» Your objective
One range is to be output from the listing below, exactly as written: the line with "She also received" to the line with "Iridescent keychain with", both kept.

» Data in this exercise
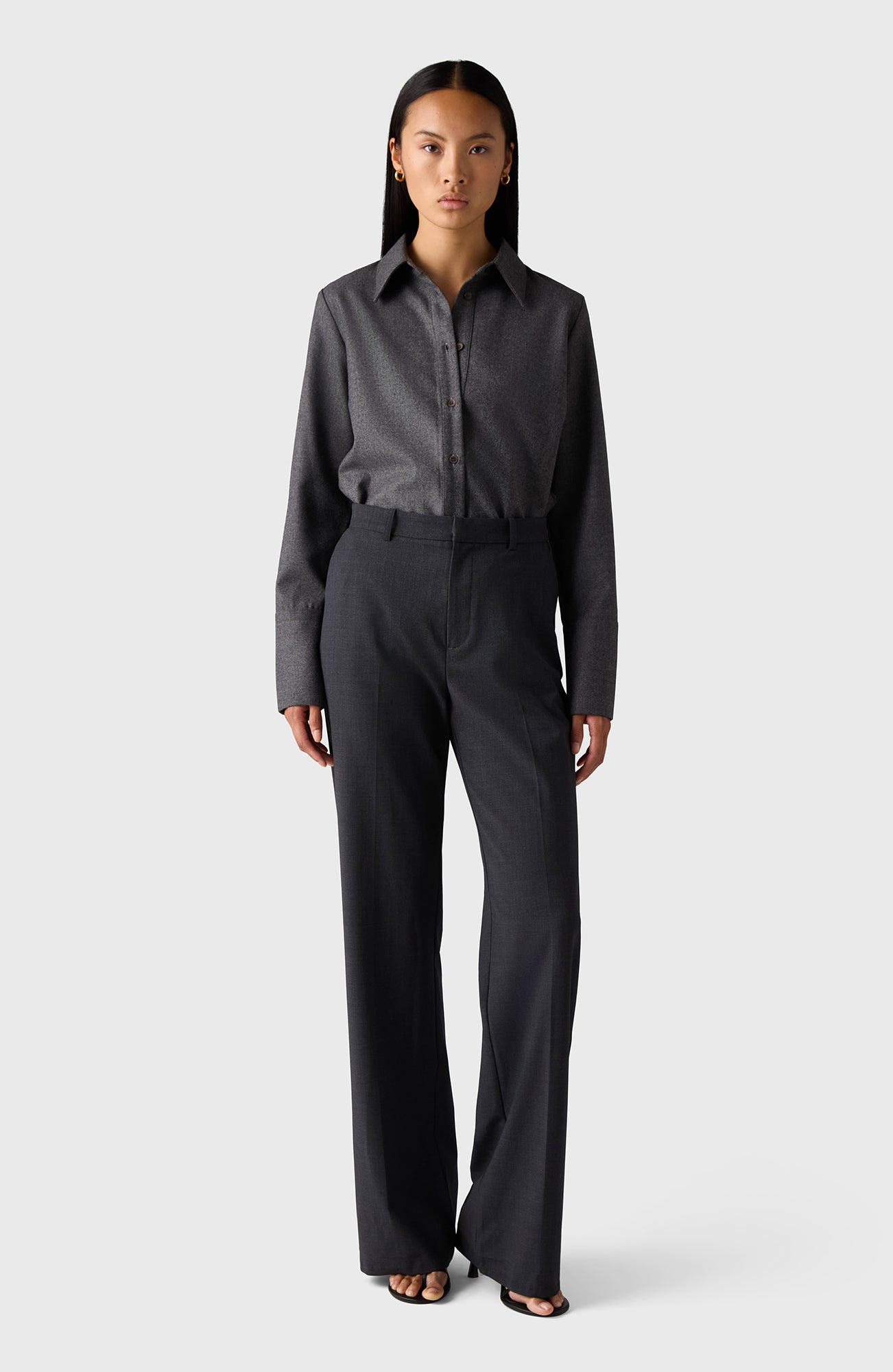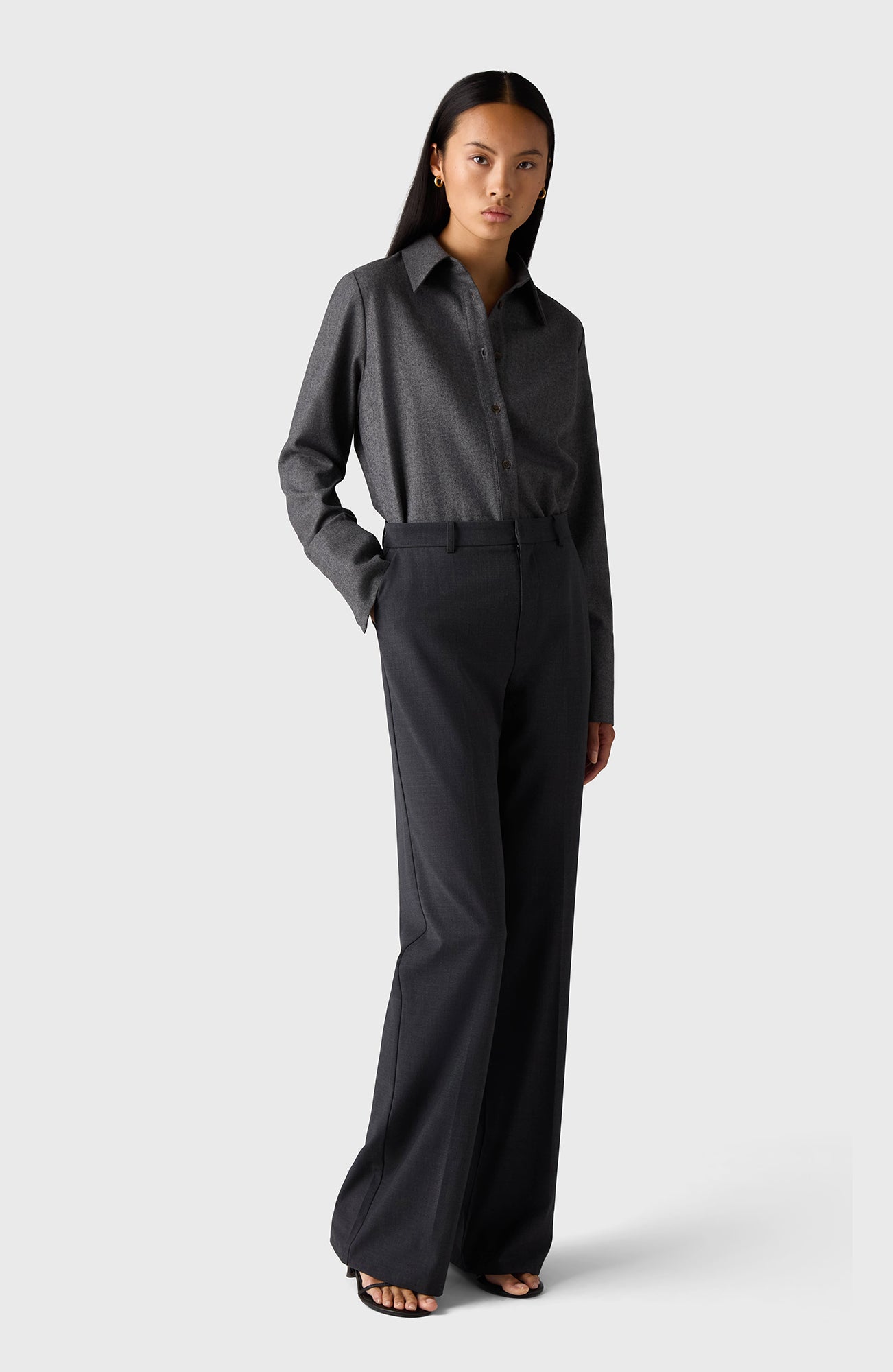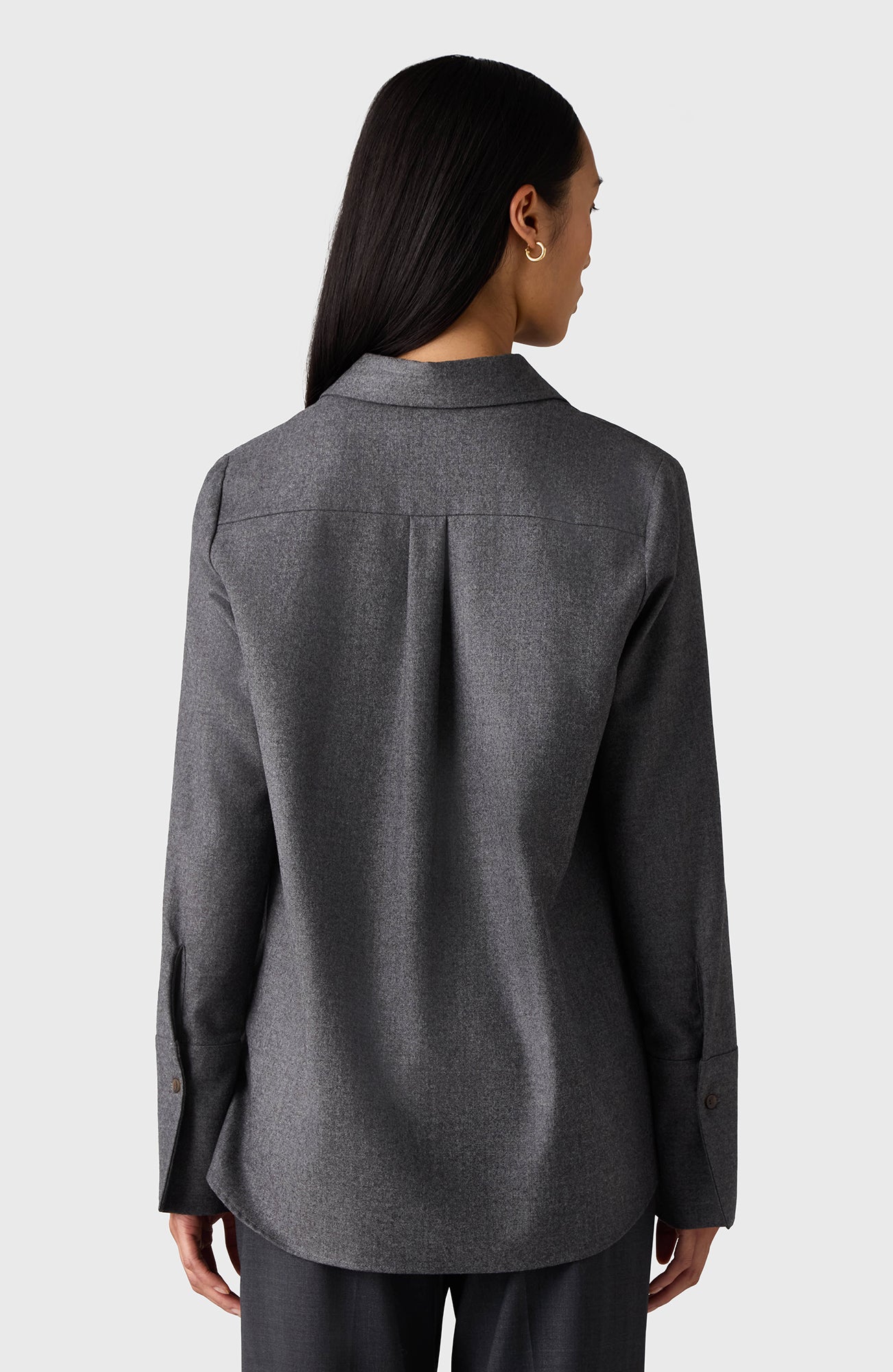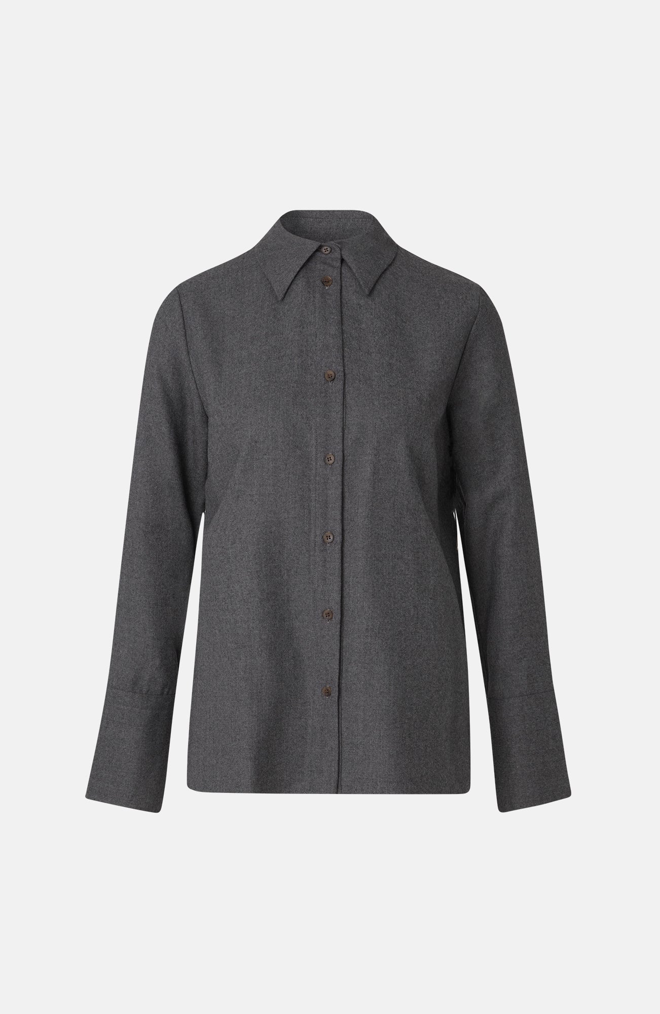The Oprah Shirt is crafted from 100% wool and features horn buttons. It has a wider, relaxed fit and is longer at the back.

...

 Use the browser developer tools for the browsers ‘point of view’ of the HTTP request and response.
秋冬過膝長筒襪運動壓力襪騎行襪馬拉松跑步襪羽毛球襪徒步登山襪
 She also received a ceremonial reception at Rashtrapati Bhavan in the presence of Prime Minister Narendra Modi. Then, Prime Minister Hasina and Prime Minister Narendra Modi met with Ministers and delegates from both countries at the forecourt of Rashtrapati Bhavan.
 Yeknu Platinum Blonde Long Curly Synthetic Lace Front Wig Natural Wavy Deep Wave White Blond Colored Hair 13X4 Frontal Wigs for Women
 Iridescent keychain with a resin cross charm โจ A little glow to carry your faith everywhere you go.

» Task output
 She also received a ceremonial reception at Rashtrapati Bhavan in the presence of Prime Minister Narendra Modi. Then, Prime Minister Hasina and Prime Minister Narendra Modi met with Ministers and delegates from both countries at the forecourt of Rashtrapati Bhavan.
 Yeknu Platinum Blonde Long Curly Synthetic Lace Front Wig Natural Wavy Deep Wave White Blond Colored Hair 13X4 Frontal Wigs for Women
 Iridescent keychain with a resin cross charm โจ A little glow to carry your faith everywhere you go.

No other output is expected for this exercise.